The time of the most active language acquisition takes place at the age of five or six. For example, children speak 30-40 words at the age of one year and a half. At the age of two years, they should know about a thousand words. At preschool age – seven to eight thousand words.
– What questions does modern psycholinguistics seek to answer? What is its focus of development?
– Talking about our domestic school, it is actively developing the speech production model. This is a great merit of Tatyana Vasilyevna Akhutina. She studies brain activity pathologies leading to speech disorders.
The speech perception model by Irina Alekseevna Zimnyaya is also being actively developed. Today we are jointly trying to establish a connection between linguistic and non-linguistic consciousness (images).
Modern linguists have developed quite extensive and deep ideas of what we do with our speech in its external form. However, unfortunately, explanatory models saying why we do it this rather than another way are unavailable to us at the moment. Why so? The reason is that we have to take into account psychological aspects for this purpose. They are available only within the framework of psycholinguistics. Thus, linguists naturally compete with their peer psycholinguists.
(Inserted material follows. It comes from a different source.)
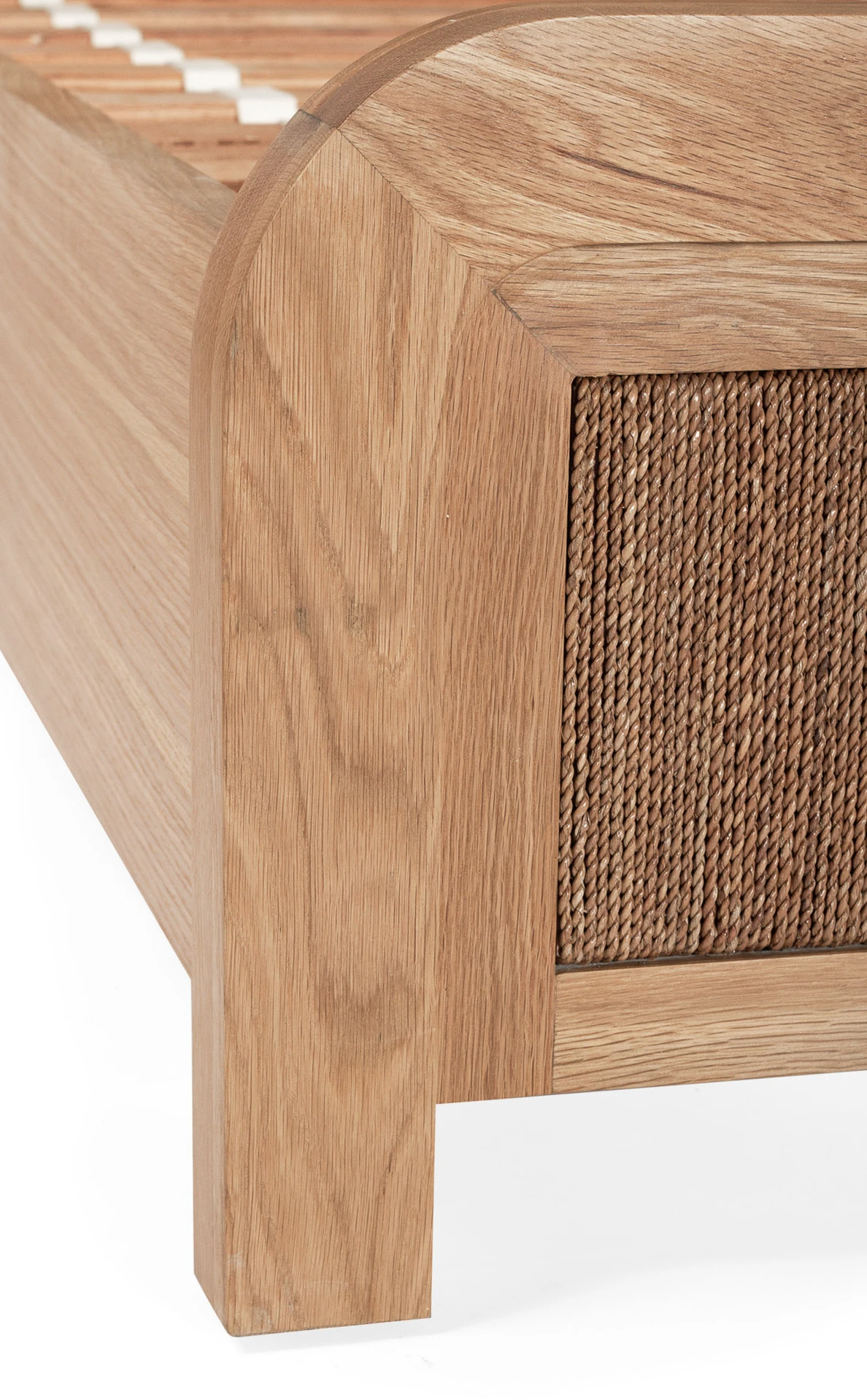Handcrafted from sustainably sourced solid American Oak, and finished with an elegant Lampakanay rope insert, the Milford Bed by Serrata Living is a stunning addition to any bedroom. With its soft curved edges and solid structure, the Milford bed will be the centrepiece of your room.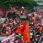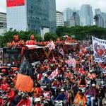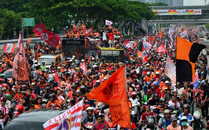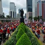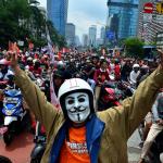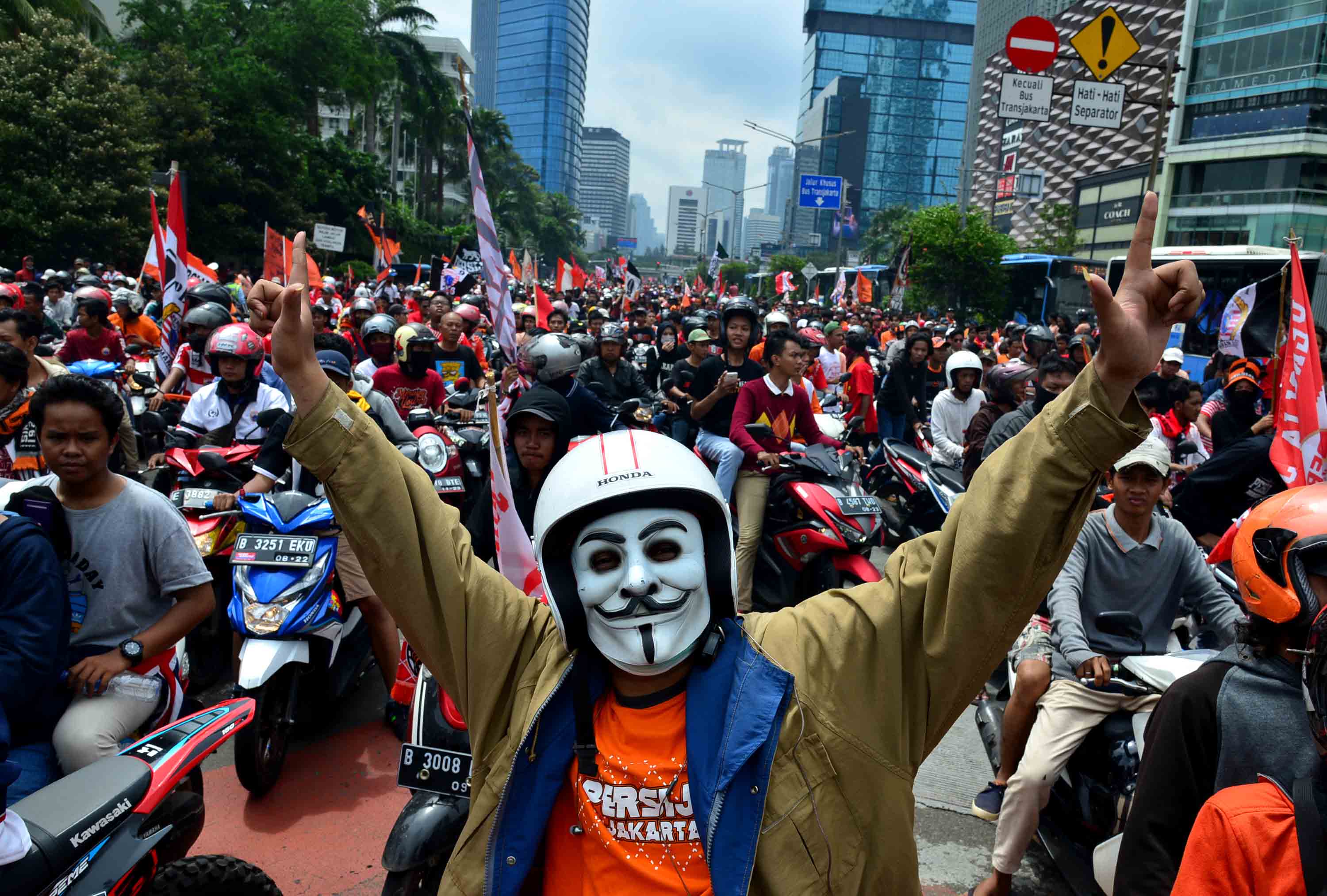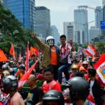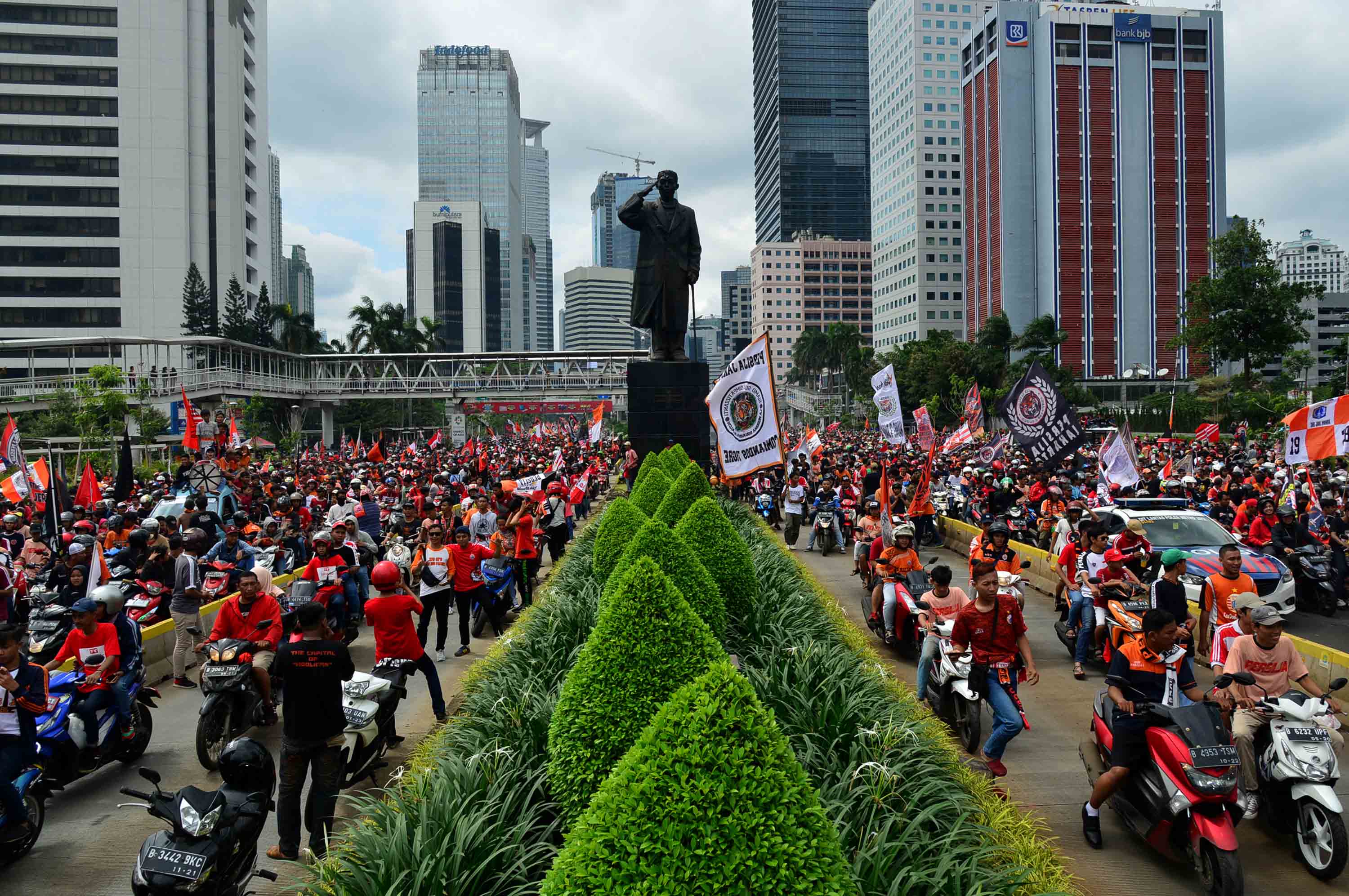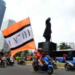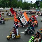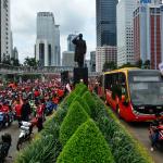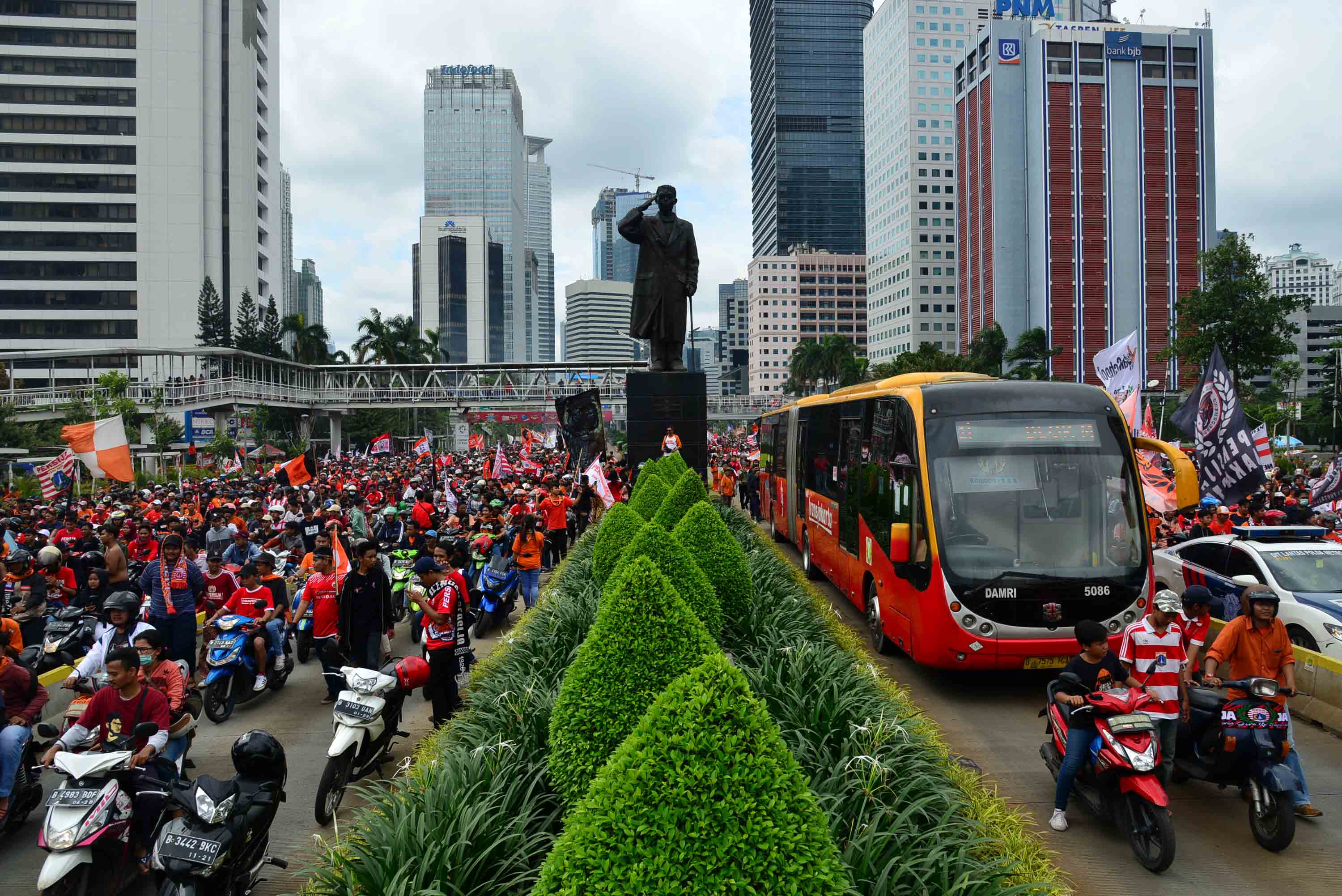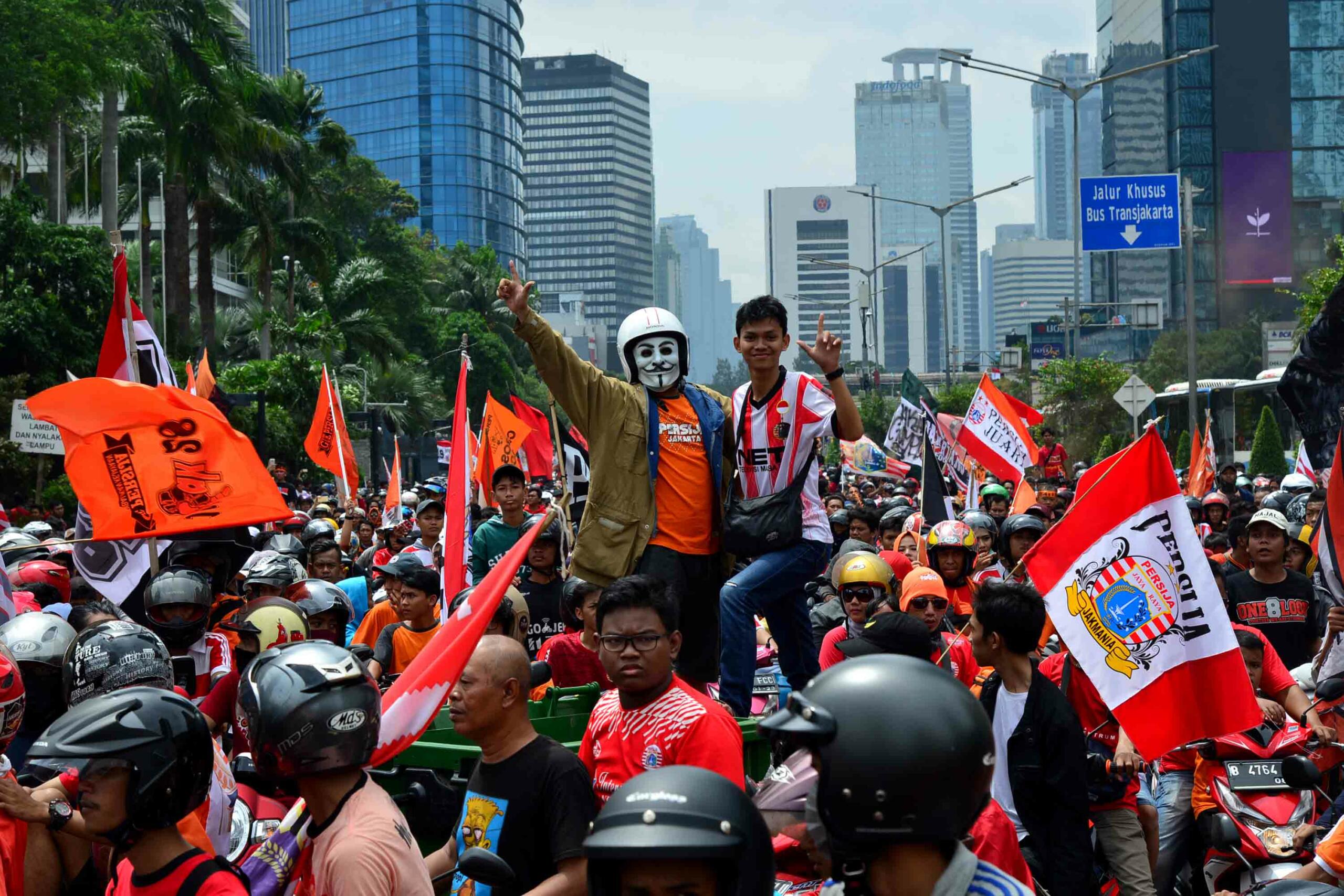 Sejumlah The Jakmania saat melakukan konvoi Persija jakarta Juara Liga 1 2018 di sepanjang jalan Sudirman - Thamrin, Jakarta, Sabtu (15/12).  Kemenangan tim Persija Jakarta saat mengalahkan Mitra Kukar pada Liga 1 2018 beberapa waktu lalu, menjadi momen bersejarah bagi seluruh masyarakat Ibukota karena setelah 17 tahun lamanya Persija tak mengangkat trofi Liga Indonesia. AKTUAL/Tino Oktaviano

One of the most interesting areas is concerned with creating associative dictionaries. They capture the consciousness of modern generation representatives. Associative dictionaries are compiled through so-called associative experiments. Subjects are shown a list of words. After each word, they have to write the first word that comes to their mind. Using this approach, we register the associative links and linguistic consciousness of the living speakers of a given language. Now I will pronounce a word and I’d like you to share your first association with it: “a woman.”
– A man.
– Well done! The most common answer. And it is not fortuitous. Men and women coexist. However, the frequency of “man” among the Russians is 12%, but the British name this word in 80% of the cases. Such associative dictionaries allow taking “casts” of English, Russians and Germans’ consciousness. Kind of a tool to analyze linguistic consciousness.
Another area is concerned with identification of basic values. For example, “poverty,” “soullessness,” “lack of responsibility” – an anti-value, “security” – a value. Our experiments show what the bearers of Russian culture consider a value and what words they use to describe it.
I think that speech production, perception, language ontogeny, verbal communication are eternal problems. It is always necessary to form verbal communication skills among the representatives of each next generation. For what? So that they can simply survive in a society. And this activity is endless, taking into account that generations are constantly replacing each other. If it stops, there will be no culture. Without culture, there will be no society. Without society, there will be no individuals, as human beings cannot survive alone. All of us are living in a society.